Disposition of firocoxib in equine plasma after an oral loading dose and a multiple dose regimen.

Vet J

University of Tennessee, Department of Biomedical and Diagnostic Sciences, College of Veterinary Medicine, 2407 River Drive, Knoxville, TN 37996, USA. Electronic address:

Published: November 2013

AI Article Synopsis

  • The study aimed to assess whether a loading dose (3× standard) of firocoxib, followed by regular maintenance doses, could achieve steady state drug concentrations in mares.
  • Blood samples from six healthy mares showed that maximum plasma concentrations and minimum concentrations progressively improved after the loading and maintenance doses.
  • The results indicated that the loading dose allowed for quicker achievement of steady state concentrations, maintaining consistent drug levels more effectively than a regimen without a loading dose.

Article Abstract

The objective of this study was to determine if a single loading dose (LD), 3× the label dose of firocoxib oral paste, followed by nine maintenance doses at the current label dose achieves and maintains near steady state concentrations. Six healthy, adult mares were administered 0.3mg/kg of firocoxib on Day 0, and 0.1 mg/kg 24 h later on Day 1, and at 24 h intervals from Day 2 to Day 9, for a total of 10 doses. Blood samples were collected throughout the study. The mean firocoxib maximum plasma concentration and standard deviation was 199±97 ng/mL, 175±44 ng/mL and 183±50 ng/mL after the LD, and first and last maintenance doses, respectively.
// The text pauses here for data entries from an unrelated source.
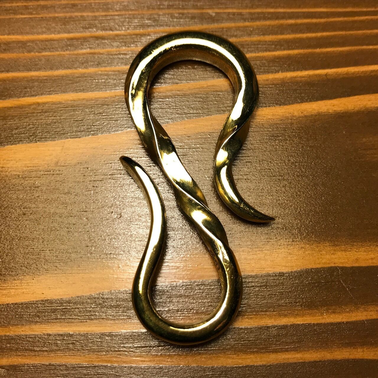 部分的にねじり加工を施した、大きいサイズのブラス製S字フックです。
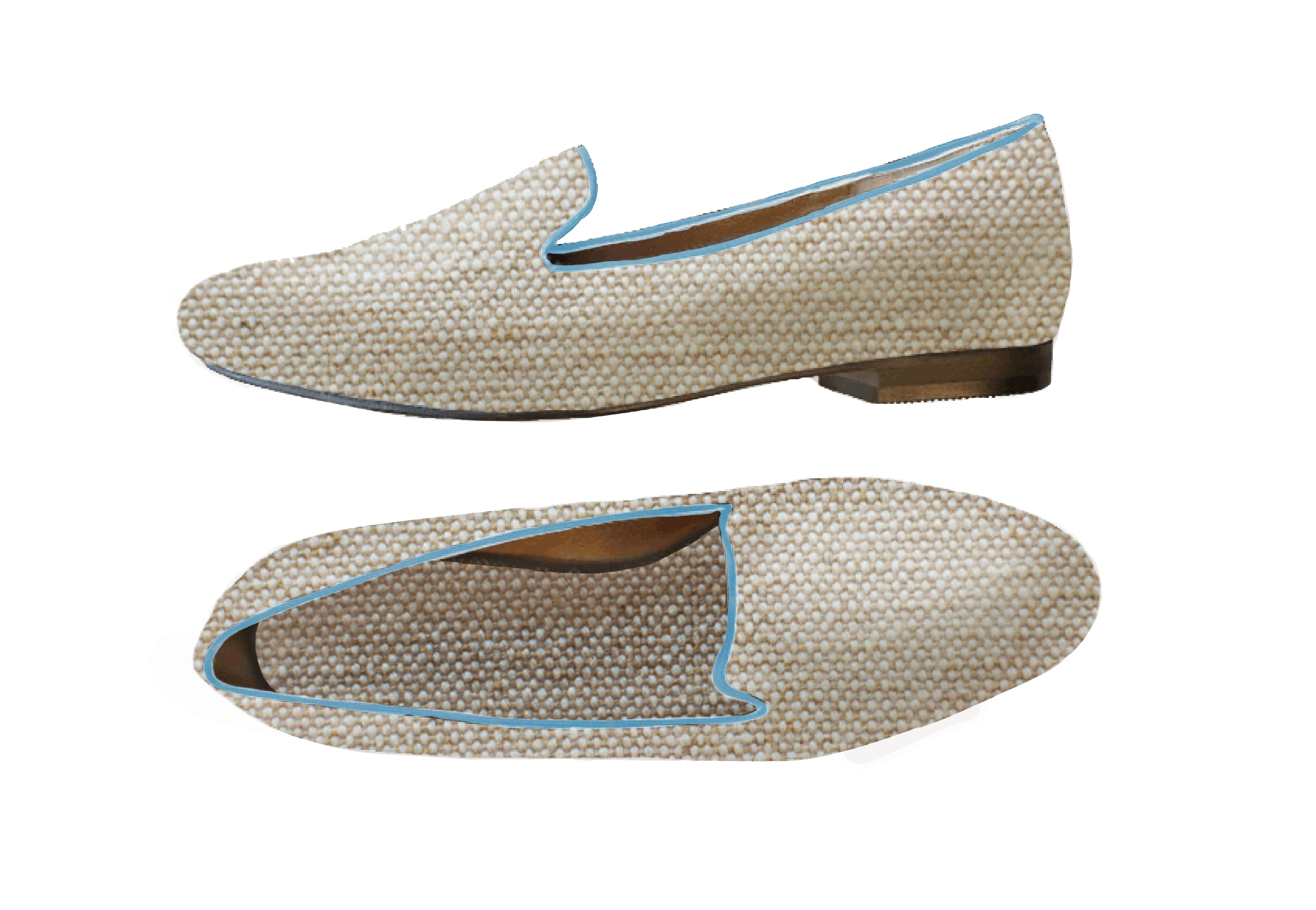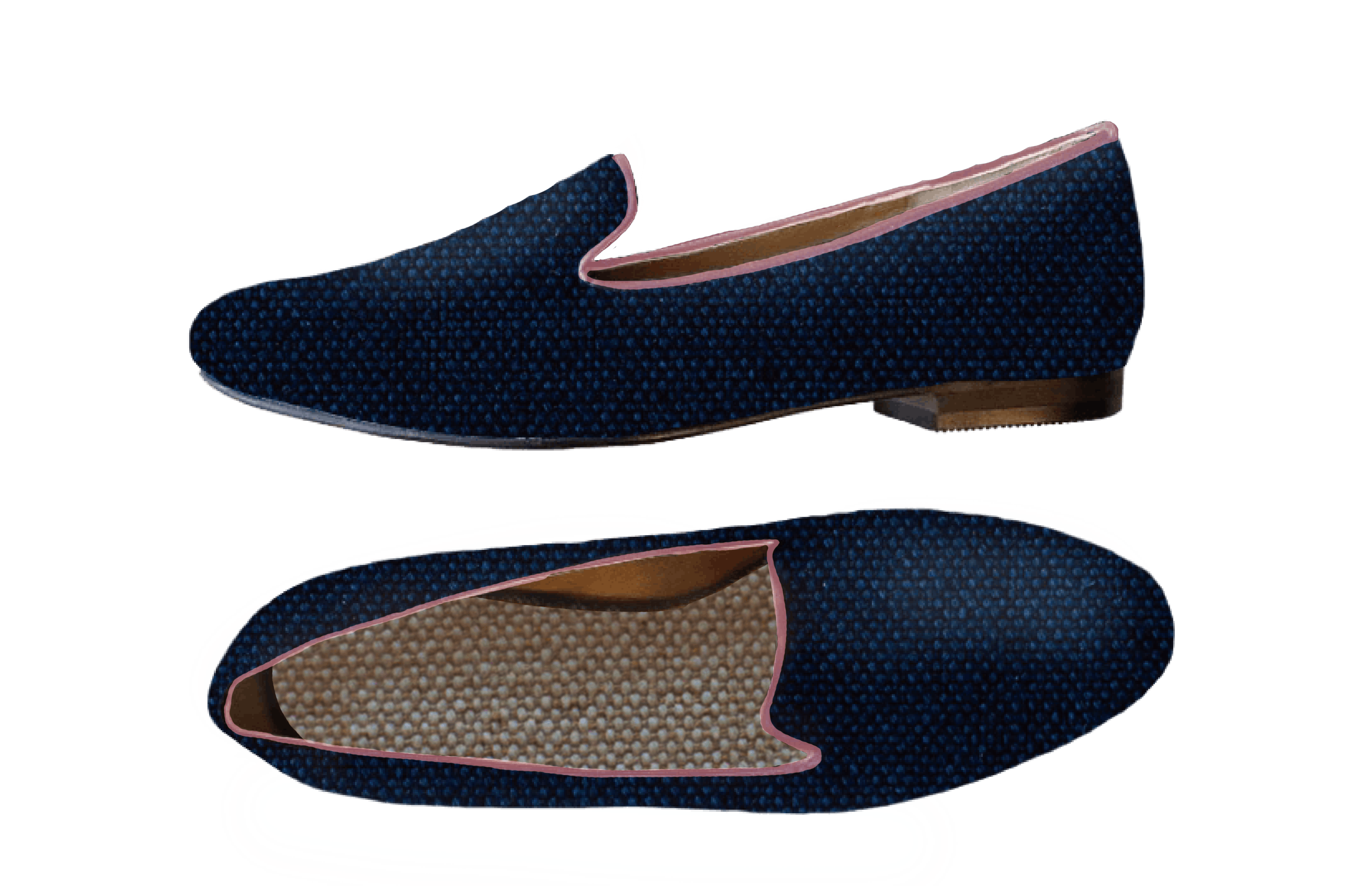 竹くつはキナリ・ネイビー・カーキの3色のボディに、白・黒・ピンク・黄色・オレンジ色・水色の6色のパイピングをみなさまから選んでいただき、お作りします。くつの型は京都で使用されずにいる着物や帯で靴をアップサイクルして製造する、Relier81さまにご協力いただきご準備しました。職人さんの手作業で作られた靴は、高級感たっぷりで履き心地抜群です。
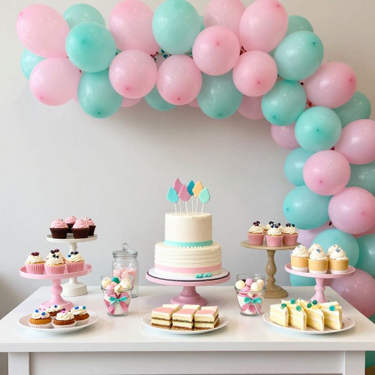 Elegant dessert table setup featuring a tiered display of colorful cupcakes, a basket of fresh flowers, and neatly arranged plates with blue and white patterns, set against a backdrop of black chairs and a white wall, evoking a festive \"Be Our Guest\" theme from Kara's Party Ideas.
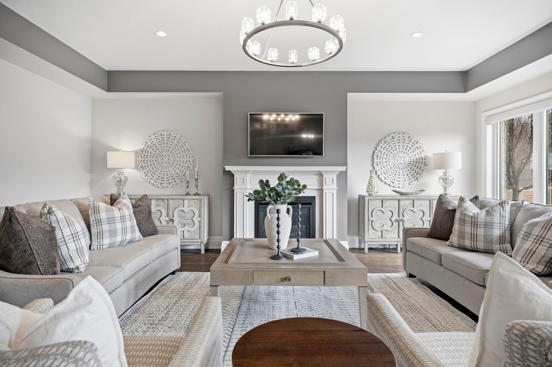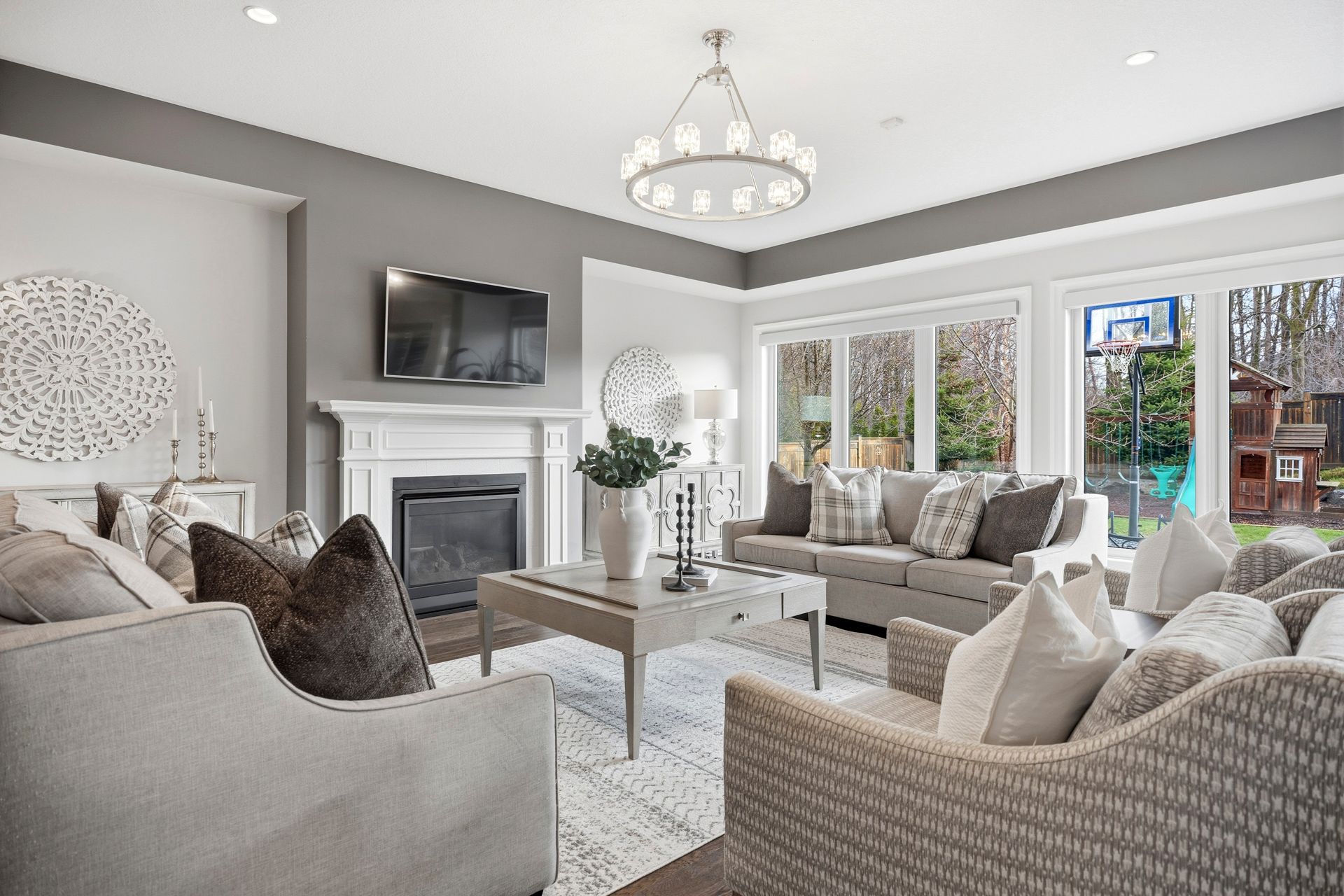 • Open-concept living area with a chef-inspired kitchen and gas fireplace.
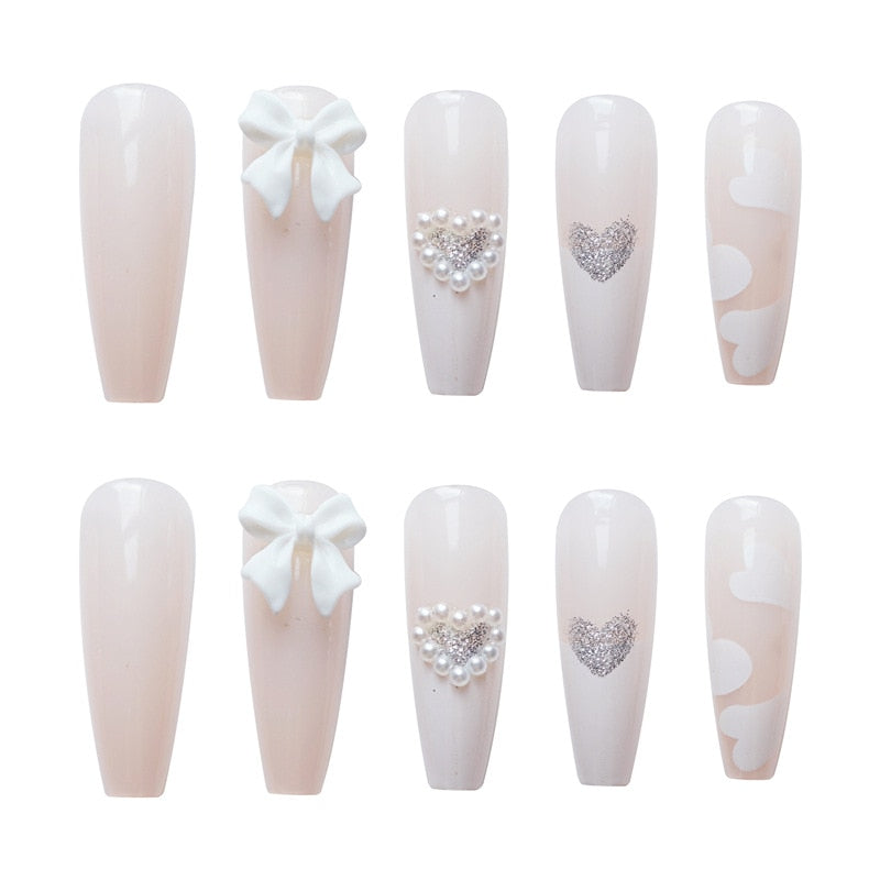 24pcs/Set Long Coffin Fake Nails Pearl Heart Pattern White French False Nails Acrylic Bride Ballerina Nail Decoration Art Tips-Nail Inspo
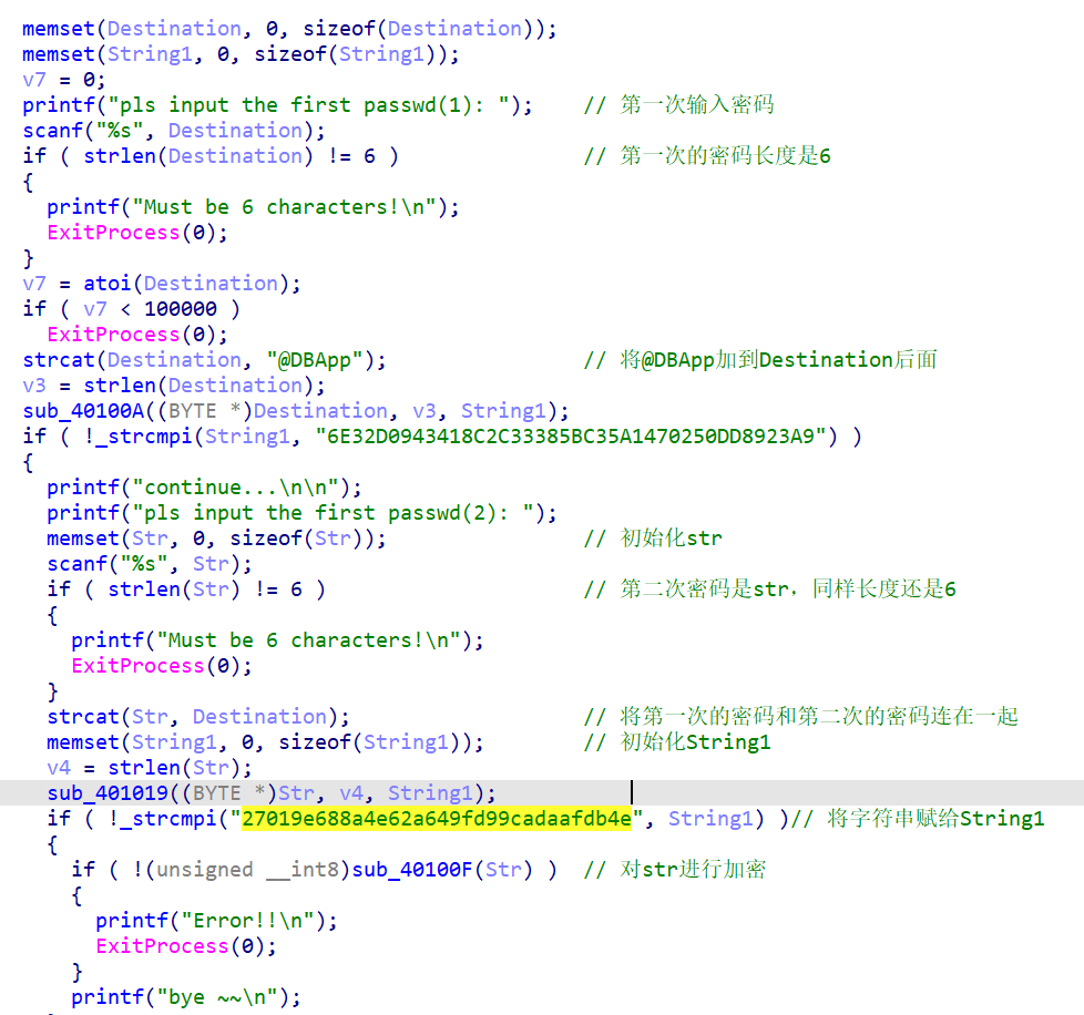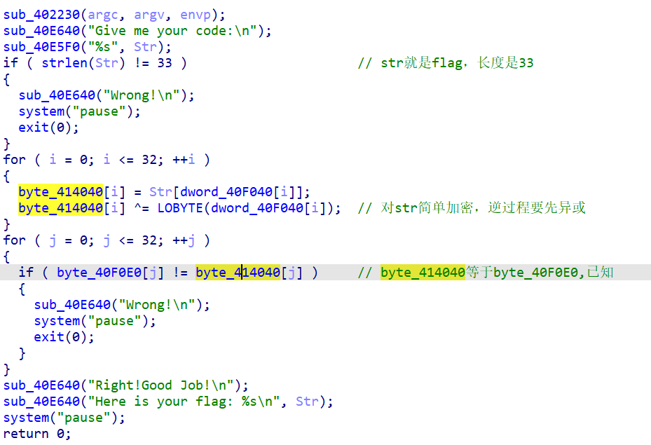 需要注意的是在逆向解密时,要注意先异或赋值给dword_40F040,再进行下一步时,Str[dword_40F040]里的dword_40F040还是原来的值

The minimum mean concentration (C(min)) increased from 100±23 ng/mL after the LD to 132±38 ng/mL at Day 7. Then, the C(min) remained constant until Day 9. The average concentration at steady state (C(avg)) was 150±45 ng/mL, which compares well to the C(avg) (130±36 ng/mL) reported after multiple daily doses at 0.1 mg/kg. The administration of the single LD allowed achievement of the average steady state drug concentrations faster than a multi-dose regimen without a loading dose. After the LD, firocoxib at 0.1 mg/kg every 24 h was able to maintain a relatively constant average drug concentration which should produce less variability in onset of action and efficacy.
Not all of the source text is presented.